いのちはずっといのち。~感情と敬意の話~

実体験・レポート

『死』のプロセス。

「じゃ、始めましょうか。」
そんな感じでめぐのお手本を見ながら作業は進んでいきます。
合鴨の羽を折りたたんで胴体を足の間に挟み、頭を掌で覆うようにして首を反らせます。
触ってみるとそこにはしっかりとした気管が通っているのがわかる。
その横に頸動脈が走っています。
そこに包丁の刃をあて、力を込めて一気に切り込む。  

だけど、慣れない私の包丁の刃は羽毛につかまってなかなか皮膚に到達しません。
皮膚に到達しても、その中の筋や気管がしっかりと頸動脈を守っているのでした。
ミシミシと音を立てながら、刃が少しずつ頸動脈ににじり寄る。

4年前、だから「ちゃんとできるように。

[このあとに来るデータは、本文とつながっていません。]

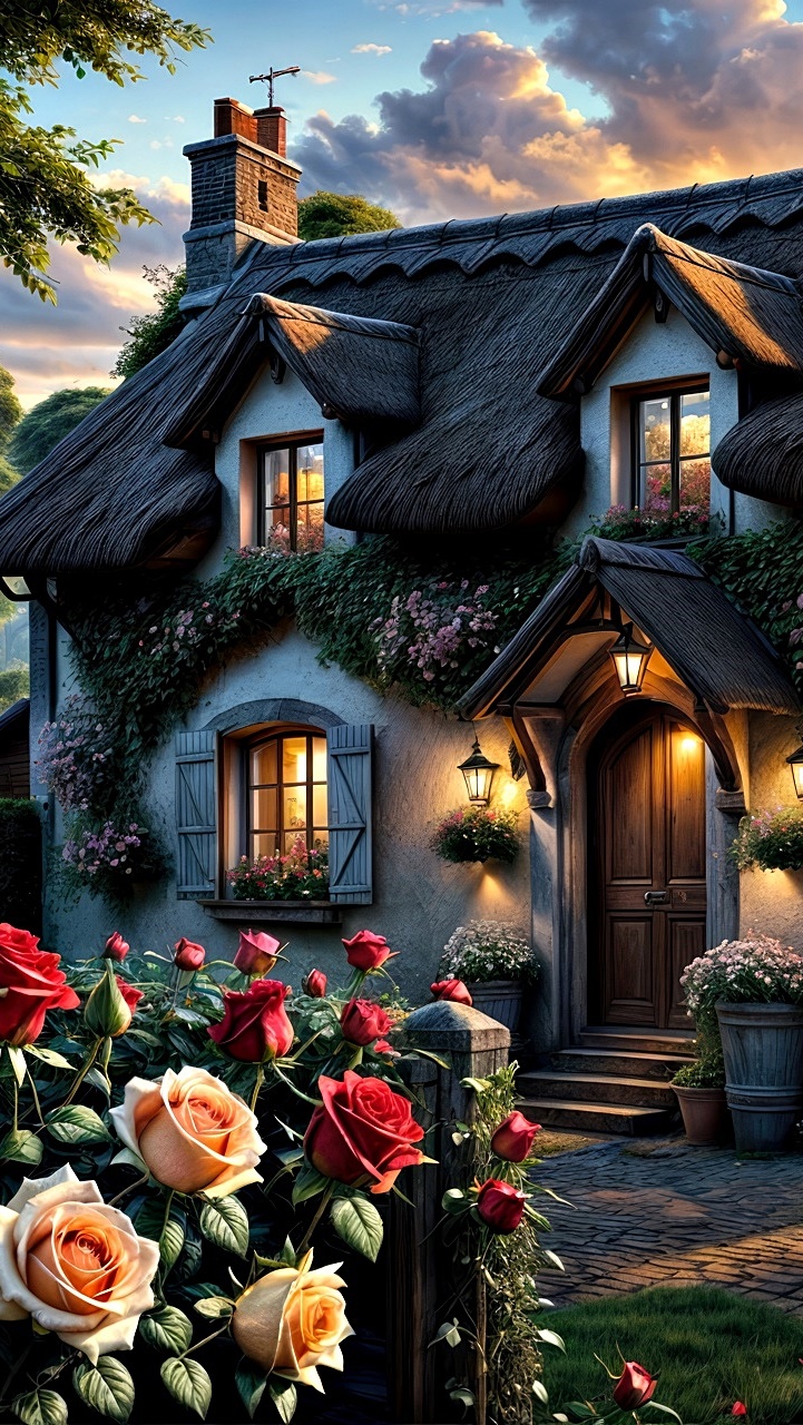 Edytor tapety: Kolorowe róże przed domem

」と思ったのでした。
時間をかけずに、スッといけるように。

鮮やかな血液が静かに流れだします。
めぐ曰く、合鴨は鶏に比べて血が出切るまでの時間が長いんだそうです。
まだ生きているその体を両手と両膝で押さえながら、じっと待ち続けました。
すると、ここまでずっとおとなしかった合鴨が突然羽をバタバタさせて暴れだしました。
真っ赤な血を流しながら。

…なぜ今?もっと早く抵抗すればいいじゃない!

そう思いました。

でももしかしたら、気管が切り裂かれて血流がなくなったときに初めて「苦しい!」って体が反応しただけなのかもしれない。
反射?わかんないけど。
それも通り過ぎると、ぐったりしてそのまま動かなくなります。

これを見たときに私ね、「あぁ、『死』って終わりがあるのかな。」って思ったんですね。
生まれる時と同じように、『死』にもプロセスと終わりがある。
でもいのちが終わった気がしなかったんです。なぜか。
ぐったりした合鴨の体を抱き上げ、頭をなでて毛並みを整えてやる。
そのいのちに敬意を表したい。そんな気持ちからでした。